Who's Watching ??
After reducing the RDS size, I was eager to watch the reduction in monthly bill. Earlier, RDS was costing around $11/day and now it should have cost me $3/day. But after few days of monitoring, it did not budge below $7/day. On splitting the cost by usage type, some storage cost had increased for RDS. On inspecting, I found that this was due to the snapshots that I had created before deleting the previous RDS instance. AWS provides free storage only upto the size of RDS (200GB in my case). But the previous snapshots were of 2TB. Hence, they were beyond free storage and were costing around $4/day. On deleting these snapshots, the RDS bill had come down to the expected value of $3/day.
While I was hell-bent on RDS cost, something else had started sprawling. While I was expecting the monthly bill to reduce, it had started to increase. On further inspection, Cloudwatch cost had started to rise and it was costing $80/day. So, all the efforts to reduce bill had gone in vain.
First thing when inspecting cloudwatch was logs. Are we publishing too many logs ? Few devs had touched ECS pipeline around that time so I guessed ECS logging was set to debug mode and that would be costing more. But that wasn’t the reason. In fact whole logging was costing only $1/day. Still $75/day was coming from data processing. What kind of data processing ? I don’t know.
Since the timeline of cost increased matched our migration date, it had to do something with RDS migration. We use DMS to sync production db with analytics db (CDC pipeline). When I checked its config, logging was enabled here and that’s our culprit (is what I thought). Though logging was enabled, but it wasn’t costing us. It was hardly pushing 1GB logs.

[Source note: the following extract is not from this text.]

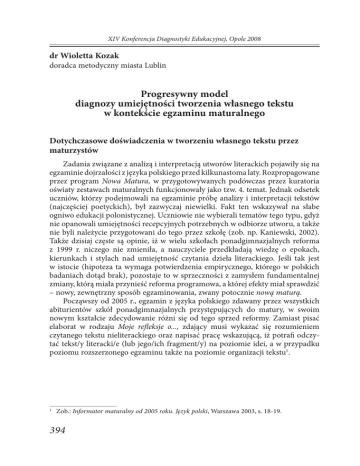 XIV Konferencja Diagnostyki Edukacyjnej, Opole 2008 dr Wioletta Kozak doradca metodyczny miasta Lublin Progresywny model diagnozy umiejętności tworzenia własnego tekstu w kontekście egzaminu maturalnego Dotychczasowe doświadczenia w tworzeniu własnego tekstu przez maturzystów Zadania związane z analizą i interpretacją utworów literackich pojawiły się na egzaminie dojrzałości z języka polskiego przed kilkunastoma laty. Rozpropagowane przez program Nowa Matura, w przygotowywanych podówczas przez kuratoria oświaty zestawach maturalnych funkcjonowały jako tzw. 4. temat. Jednak odsetek uczniów, którzy podejmowali na egzaminie próbę analizy i interpretacji tekstów (najczęściej poetyckich), był zazwyczaj niewielki. Fakt ten wskazywał na słabe ogniwo edukacji polonistycznej. Uczniowie nie wybierali tematów tego typu, gdyż nie opanowali umiejętności recepcyjnych potrzebnych w odbiorze utworu, a także nie byli należycie przygotowani do tego przez szkołę (zob. np. Kaniewski, 2002). Także dzisiaj częste są opinie, iż w wielu szkołach ponadgimnazjalnych reforma z 1999 r. niczego nie zmieniła, a nauczyciele przedkładają wiedzę o epokach, kierunkach i stylach nad umiejętność czytania dzieła literackiego. Jeśli tak jest w istocie (hipoteza ta wymaga potwierdzenia empirycznego, którego w polskich badaniach dotąd brak), pozostaje to w sprzeczności z zamysłem fundamentalnej zmiany, którą miała przynieść reforma programowa, a której efekty miał sprawdzić – nowy, zewnętrzny sposób egzaminowania, zwany potocznie nową maturą. Począwszy od 2005 r., egzamin z języka polskiego zdawany przez wszystkich abiturientów szkół ponadgimnazjalnych przystępujących do matury, w swoim nowym kształcie zdecydowanie różni się od tego sprzed reformy. Zamiast pisać elaborat w rodzaju Moje refleksje o..., zdający musi wykazać się rozumieniem czytanego tekstu nieliterackiego oraz napisać pracę wskazującą, iż potrafi odczytać tekst/y literacki/e (lub jego/ich fragment/y) na poziomie idei, a w przypadku poziomu rozszerzonego egzaminu także na poziomie organizacji tekstu1. Zob.: Informator maturalny od 2005 roku. Język polski, Warszawa 2003, s. 18-19. 1 394 Uczenie się i egzamin w oczach nauczyciela Jak więc abiturient szkoły ponadgimnazjalnej czyta tekst kultury? Przeprowadzone analizy2 dowodzą, iż przede wszytkim odczytuje tekst powierzchownie, a w przeważającej większości prac słabych i średnich dowodzi, iż nie rozumie wszystkich treści, ponadto pisze bez pogłębionej refleksji nad zawartym w temacie problemem, wreszcie nie umiejscawia dokonywanych rozważań w szerokim kontekście kulturowym. Niewielu maturzystów cechuje dociekliwość poznawcza i traktowanie tekstu literackiego jako partnera dialogu; w większości analizowanych prac przeważa podejście odtwórcze, polegające na streszczeniu opisywanych wydarzeń, tekst nie stanowi projekcji, czy też inspiracji do głębszej refleksji kulturowej, historycznej czy socjologicznej. Można więc – z dużą dozą ostrożności – przyjąć, że niekoniecznie maturzysta rozumie czytany tekst i zjawiska kultury, o których się wypowiada. Jeśli przyjmiemy, iż rozumienie czytanego tekstu może przebiegać na poziomie percepcyjnym, semantycznym, receptywnym, krytycznym i twórczym, to znaczna część prac słabych nie kwalifikuje uczniów do poziomu semantycznego, obejmującego rozumienie i interpretowanie jednostek w ciągu rosnącym: od znaczenia wyrazów, zdań do fraz, fragmentów, wreszcie całego tekstu. Pozostają oni na poziomie percepcyjnym, odnoszącym się do wyodrębniania wyrazów i zdań tekstu. W pracach dobrych dominuje poziom krytyczny, polegający na ocenie przedstawionych danych. Natomiast pisanie własnego tekstu w oparciu o załączone fragmenty i znajomość całości utworu odzwierciedla umiejętność czytania literatury i szerzej – tekstów kultury. Ponieważ kultura jest, jak pisze M. Jędrychowska, przepływem wśród ludzi znaków, które nie tylko znaczą, ale i niosą z sobą wartości3, w tym kontekście bezsporne wydaje się twierdzenie, iż dzięki kształceniu umiejetności recepcji, analizy i interpretacji tekstu kultury, kszałtujemy także samodzielność w myśleniu i działaniu oraz uczymy sztuki porozumiewania się. Jaką więc samodzielnością, jakimi umiejętnościami komunikacyjnymi wykazują się maturzyści na egzaminie? Przede wszystkim autorzy prac słabych i średnich są niesamodzielni. Ich brak samodzielności polega na naśladownictwie, częstym przyjmowaniu stylu załączonego fragmentu poprzez wprowadzanie, np. form archaicznych, a także na odtwarzaniu lub parafrazowaniu treści zawartych w przedstawionych fragmentach. W pracach słabych i średnich dominuje czytanie na poziomie znaczeń dosłownych, polegające na wiernym odzwierciedlaniu przedstawionych treści, z tym że w pracach słabych jest ono bezkrytyczne, często są to przepisywane lub tylko lekko modyfikowane frazy z załączonych fragmentów, prace średnie zawierają raczej parafrazy powieści. Natomiast prace najlepsze, poza próbami czytania metaforycznego, mają w większym stopniu W. Kozak, B. Mlonka, Osiągnięcia w zakresie rozumienia, analizy i interpretacji tekstów kultury na przykładzie matury z języka polskiego, Raport z badań przeprowadzonych na zlecenie Centralnej Komisji Egzaminacyjnej w ramach współfinansowanego przez EFS projektu Badania dotyczące wyników egzaminów zewnętrznych w obszarze Uwarunkowania pedagogiczne zróżnicowania wyników egzaminów zewnętrznych, Warszawa 2007. 2 M. Jędrychowska, Najpierw człowiek¸ Kraków 1998. 3 395 XIV Konferencja Diagnostyki Edukacyjnej, Opole 2008 cechy czytania wartościującego, polegającego na wyodrębnianiu aspektu moralnego i aksjologicznego omawianego problemu. W niewielkim stopniu wyeksponowana jest w pracach świadomość kulturowa odbiorcy. By ten proces mógł zaistnieć, odbi

Since it was related to data processing, it had to be something related to metrics. I checked PutMetrics , GetMetrics usage but it returned nothing. So, I listed all the metrics:
~ $ # List ALL metrics to find custom namespaces
~ $ aws cloudwatch list-metrics \
> --query 'Metrics[].Namespace' \
> --output text | tr '\t' '\n' | sort | uniq -c | sort -rn
18493 Glue
640 AWS/Usage
462 AWS/EBS
264 AWS/EC2
153 AWS/RDS
123 ECS/ContainerInsights
121 AWS/DMS
111 AWS/NetworkELB
64 AWS/ApplicationELB
45 AWS/Logs
34 AWS/Firehose
30 AWS/PrivateLinkEndpoints
28 AWS/Events
26 AWS/Lambda
26 AWS/EKS
20 AWS/S3
17 AWS/Glue
15 AWS/NATGateway
15 AWS/Athena
8 AWS/States
8 AWS/Location
6 AWS/Rekognition
6 AWS/HealthLake
5 AWS/Bedrock/DataAutomation
3 AWS/KMS
2 AWS/ECS
1 AWS/SecretsManager
As can be seen, Glue was pushing 18k+ metrics / day. And that was the culprit. So, I started digging deeper into Glue jobs. There were two Glue jobs. Claude gave me commands to disable metrics in them. But I was hesitant - whoever created these Glue jobs likely used the AWS Console, not CLI. So I went hunting in the visual interface instead. And there it was: under Job Details → Monitoring options → “Job metrics” was checked. I confirmed it with claude and disabled these settings. This should reduce our cloudwatch billing from today.
Just a single click cost us around $80/day. So, knowing what to click is crucial.